本発明は、マルチチャンネル音声信号をスピーカにより再生する際のバーチャルサラウンドシステム及びクロストークキャンセル方法に関し、特に2人の受聴者を対象にしたバーチャルサラウンドシステム及びクロストークキャンセル方法に関する。
従来より、マルチチャネル音声信号の再生には、受聴者の前方に左スピーカ、右スピーカ及び中央スピーカを設置し、頭部伝達関数を用いて、受聴者の横方向や後方の任意の位置に音像を定位させる方法を使用したサラウンド処理システムが提供されている。
この種の従来技術として、下記の特許文献1に開示された2人の受聴者に対するバーチャルサラウンドシステムがある。この「サラウンド処理システム」において、サラウンド左チャネル信号SLとサラウンド右チャネル信号SRとを加算手段により混合した後、第1のモノラル信号と第2のモノラル信号として仮想定位処理手段に供給するように構成されている。この仮想定位処理手段の第1の仮想定位出力は、左スピーカ及び右スピーカに供給し、第2の仮想定位出力は、中央スピーカに供給する。これにより、2人の受聴者に対して、それぞれの左右に仮想音源を生成することができる構成になっている。
WO00/24226
しかしながら、上記の特許文献1において、加算手段でサラウンド左チャネル信号SLとサラウンド右チャネル信号SRとを一旦モノラル化した後に、非相関処理手段を設けて、モノラル信号のような相関の大きい信号を出力すると受聴者に不自然な感じを与えてしまうため、第1のモノラル信号と第2のモノラル信号との間の相関度を小さくするようにしている。このため、音像がぼやけた広がり感になり、特定の音源位置からの音を再現できず、明瞭な音像の広がり感を得ることができないという問題があった。
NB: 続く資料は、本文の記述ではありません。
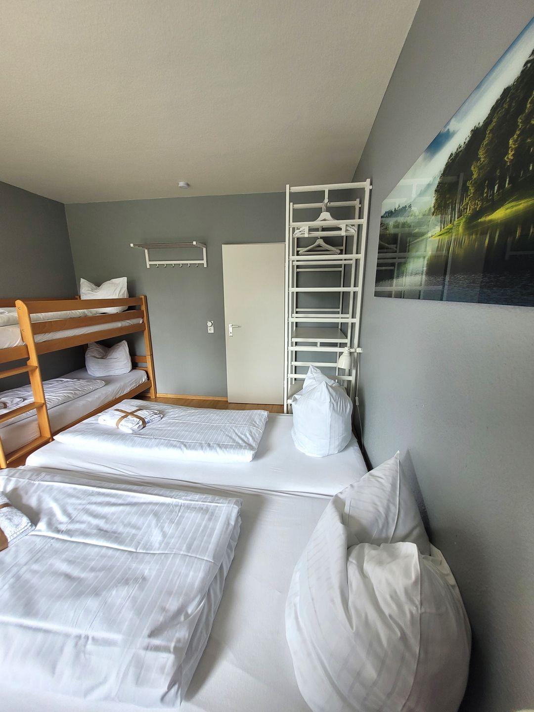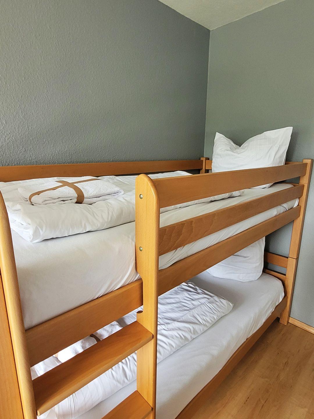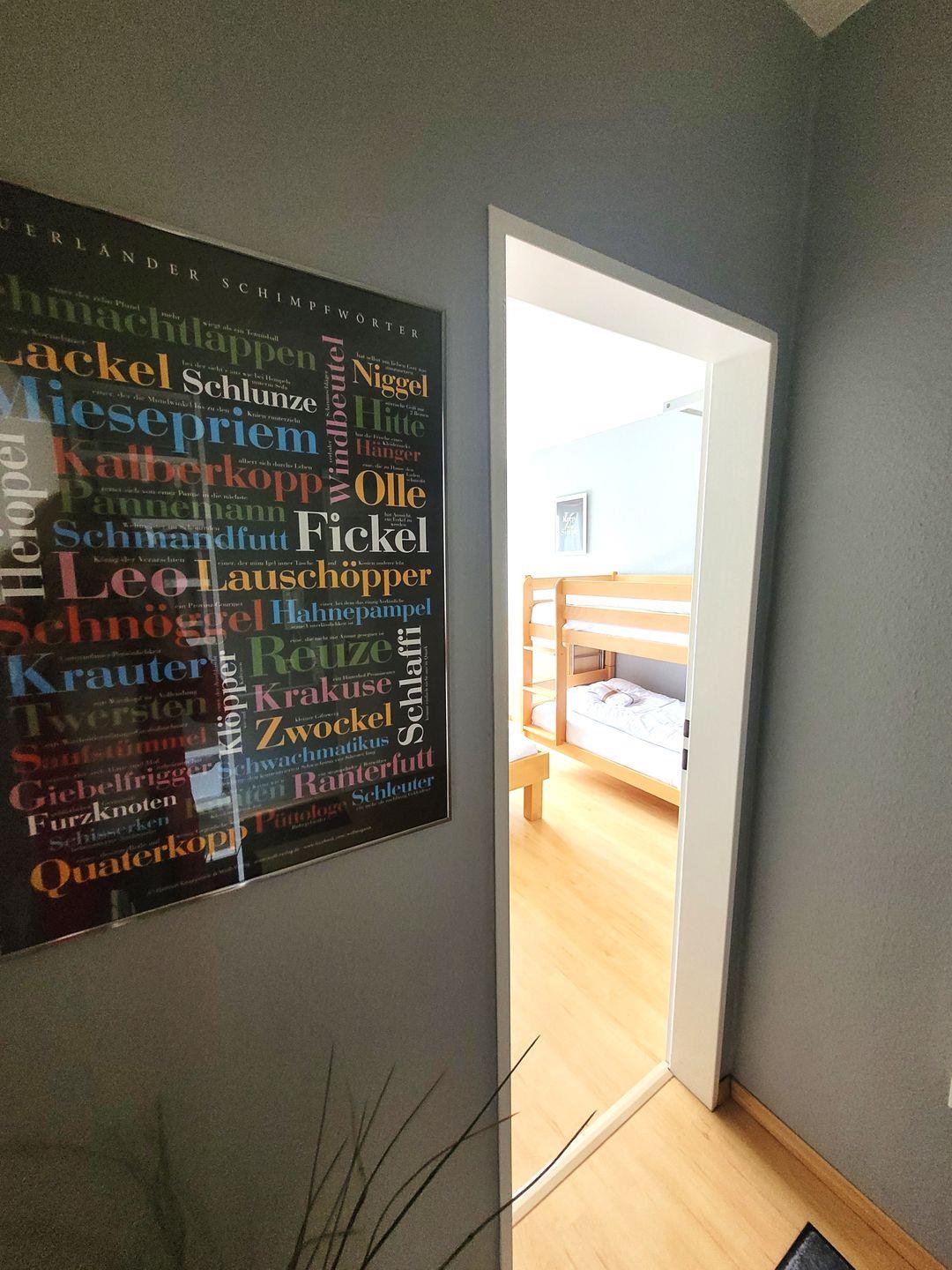 Insgesamt ca. 76 m² Wohnfläche verteilen sich auf eine großzügige Diele, ein Bad mit Dusche/WC/Waschtisch, einen Wohn-Essraum mit integrierter Küche und direktem Zugang auf den ersten Balkon sowie ein Schlafzimmer mit Doppelbett und Etagenbett mit direktem Zugang auf den zweiten Balkon. Für die 5. und 6. Person gibt es im Wohn-Essraum zwei bequeme Schlafmöglichkeiten.

本発明は、上述した事情に鑑みてなされたものであり、上述のような問題を解決することができるバーチャルサラウンドシステムを提供することを目的とする。
上記課題を解決するために、本発明に係るバーチャルサラウンドシステムは、所定の間隔で配置した左スピーカ及び中央スピーカと、前記中央スピーカに対して前記左スピーカと概ね左右対称な位置に配置した右スピーカと、前記左、右、中央の各スピーカから音声を再生する音声信号処理装置とを備えたバーチャルサラウンドシステムであって、前記音声信号処理装置は、前記左スピーカと前記中央スピーカの間であってその前方に位置する受聴者に対し該受聴者の右耳に前記左スピーカから届く出力信号をキャンセルするキャンセル信号を前記中央スピーカより出力して前記左スピーカの音像を前記左スピーカの左側に定位させ、前記右スピーカと前記中央スピーカの間であってその前方に位置する受聴者に対し該受聴者の左耳に前記右スピーカから届く出力信号をキャンセルするキャンセル信号を前記中央スピーカより出力して前記右スピーカの音像を前記右スピーカの右側に定位させるクロストークキャンセル手段を備えることを特徴としている。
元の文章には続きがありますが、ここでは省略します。